Do voters need to adjust their expectations of what the government can do for them?
It takes more responsibility to live in a free country. Let me quote Thomas Jefferson: Any nation that expects to be both free and ignorant expects what never was and never will be. It's a fast world. We must be those four things--fast, focused, flexible, friendly. We need fewer spectators and more participants. One of the methods of my madness is to get 3 million people involved in politics for the first time, each donating $100 to my campaign. That's why I don't accept PAC money. Let's start a revolution this way. Otherwise we're going to elect Romney or Obama and get more of the same, with marginal differences.
We're a nation at risk. Debt and indebtedness own this system. I cannot do this by myself, but if the other politicians see an army coming, they will begin to listen. And maybe they will take up these issues.
You're lining yourself up with AmericansElect, the new online platform that's pushing for a third-party candidate….

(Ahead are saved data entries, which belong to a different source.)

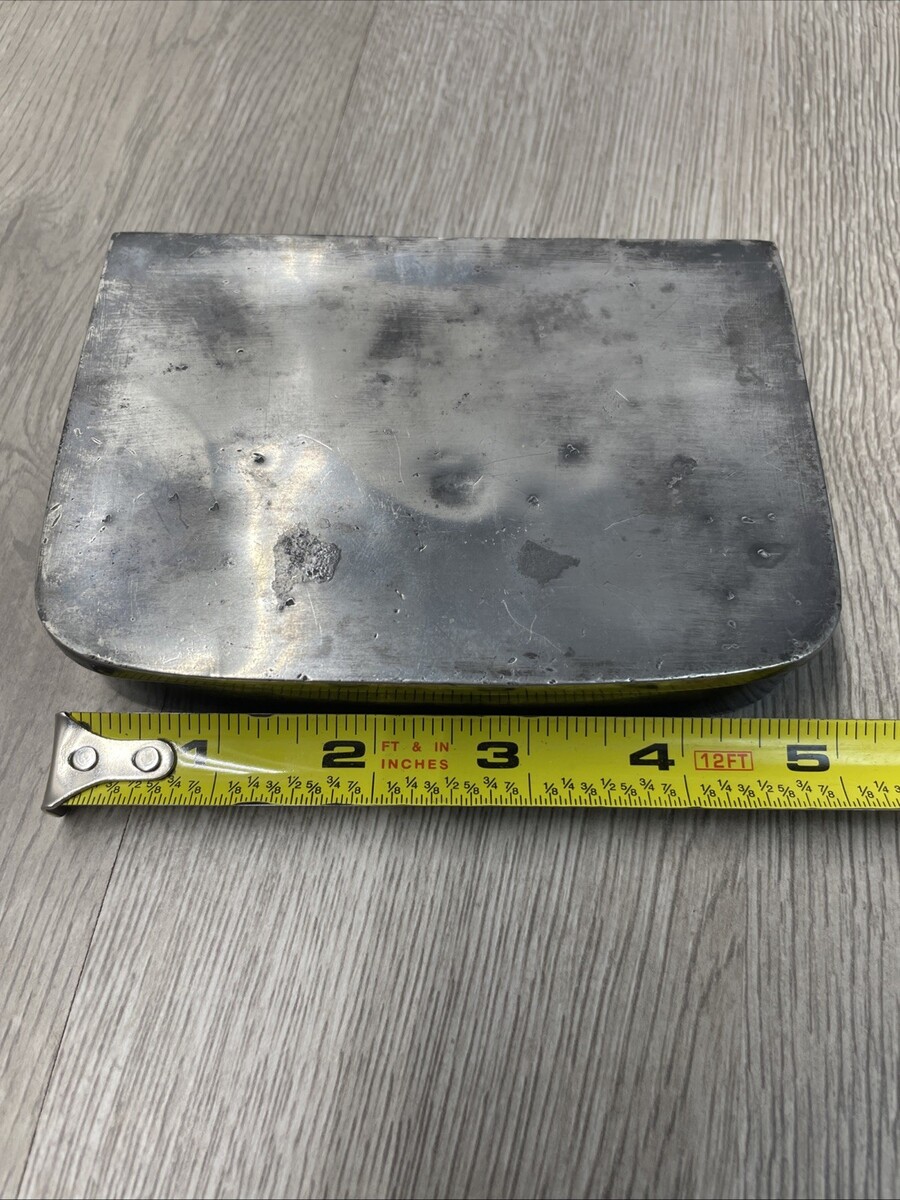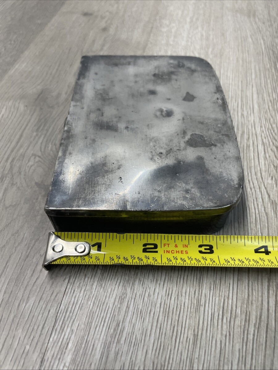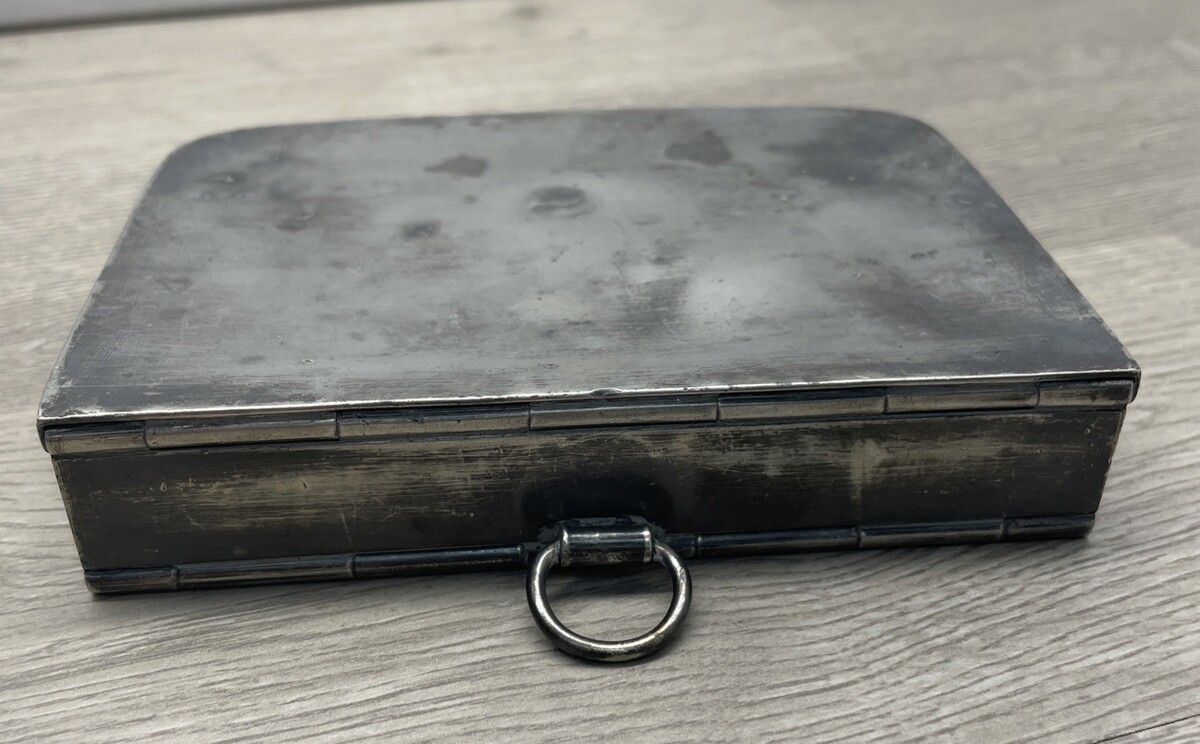 Preowned, good condition for age. Heavy, pewter maybe or another alloy, with some dents and scratches throughout. Hinges are in good working condition. See photos for more details.
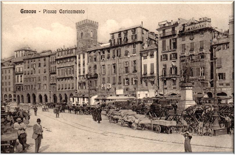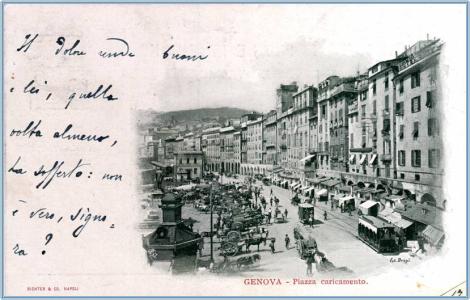Piazza Caricamento, cartolina viaggiata in data 27 dicembre 1921, da Genova per Trieste.
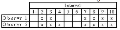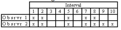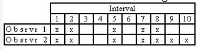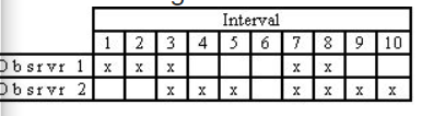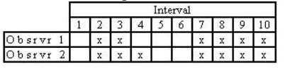 Which is the correct interval-by-interval calculation of interobserver agreement?
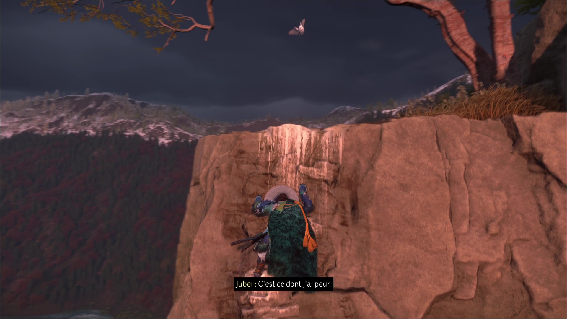 À présent, marchez sur un arbre mort afin de refaire un peu d’escalade et rejoindre enfin Jubei. De là, vous pouvez voir le château de l’Oni, et une conversation se lance. Les jumeaux se remémorent à nouveau leurs souvenirs d’enfance, et comment ils les ont construits par la suite.
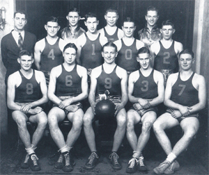 Luann Moberg, left, pays homage to her dad, Jack L. Miller, number 3 in the 1939 team photo, by posing in his Monument City High School varsity letterman’s sweater while taking the tour. Moberg grew up in nearby Wabash. Her dad died in 2009.
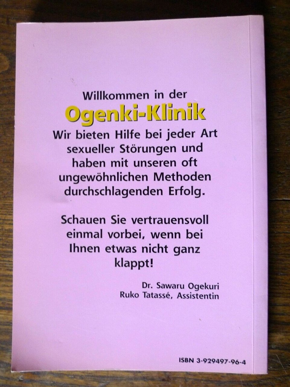 Haruka Inui,OGENKI CLINIC 1.Edition Erotik, München 1998,brossura, 21x15 cm., pagine non numerate,completamente illustrato a fumettiin bianco e nero,testo in tedesco,ISBN: 3-929497-92-1,peso:g.350
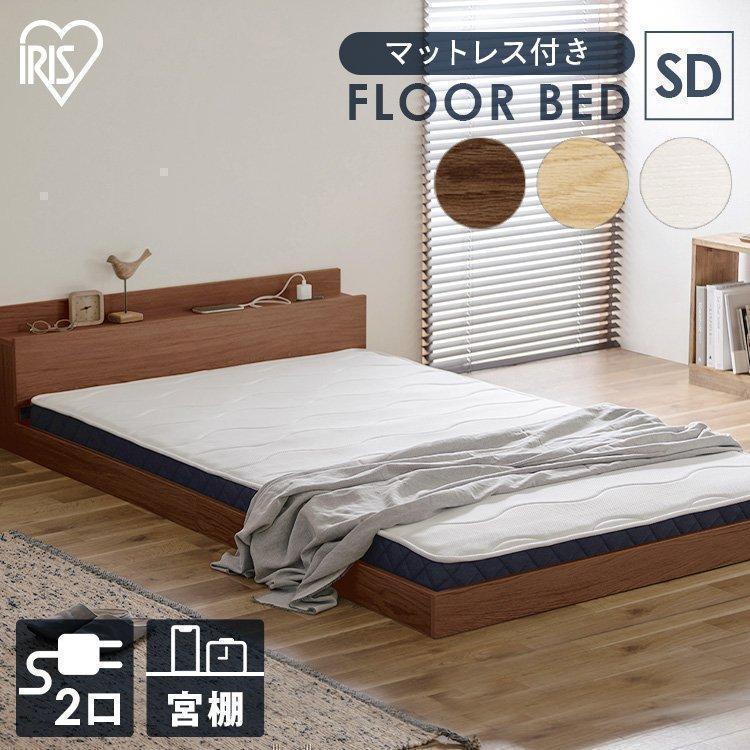 ベッド セミダブル マットレス付きベッド 寝具 マットレス ナチュラル ブラウン ホワイト マットレス付きフロアベッドSD SBM-SD アイリスオーヤマ 父の日
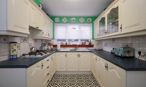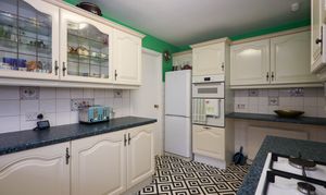 3.753m x 2.387m (12’03” x 07’10”) This delightful room oozes character and charm with lots of wall and floor mounted units with white frontages and co-ordinating work surfaces. Decorated with painted walls, tiled splashbacks and tiled flooring. There is an eye level integrated double oven, a four-ring gas hob and a cooker hood, which will all be included in the sale. There is space for an upright fridge-freezer. Natural light enters from the windows to the rear of the property, with ceiling lighting complementing this. A white one and a half sink with mixer tap and drainer, a radiator, a heat detector and power points complete this area.

I'm a civil rights liberal and a business conservative. The Democratic Party is distasteful to me on one of those issues, the Republican Party is unaccountable on the other. So I'm still trying to find a place.
What about the Tea Party? Not your cup of tea?
The Tea Party is looking at me closely, but they're put off by the way I go visit Occupy Wall Street. But they smell what's happening. They all smell it. Right now we need a nose. Then we'll need feet. Then we'll need votes. But if you smell it, call me or get on my website.
Why are you running? I mean really running. Not the altruistic reasons.
I've got three grandkids: Adeline, Charles, and Owen. They're not going to have the opportunity that I'm having. This is something I know. Corruption, I've fought that before. These other guys haven't fought it. I come from Louisiana. I've battled this. I've put people in jail. I've stood up to the big money, to oil money. I'm beyond ego. I don't need a job. I've done well. I think the country's in trouble, due to debt and indebtedness. It's going to take a president free to lead. So I start with the money.
What will you do if you don't win?
I'm prepared to be president, but I'm also prepared not to be president. Here's my test: me or better. Let's elect somebody who's me or better. And I'm not asking people to vote for me yet. I'm asking them to help me get on the stage with the party candidates and let's talk about America. You'll be better informed, you'll have more choices, and you'll feel like you picked the next president. Help me get on the stage.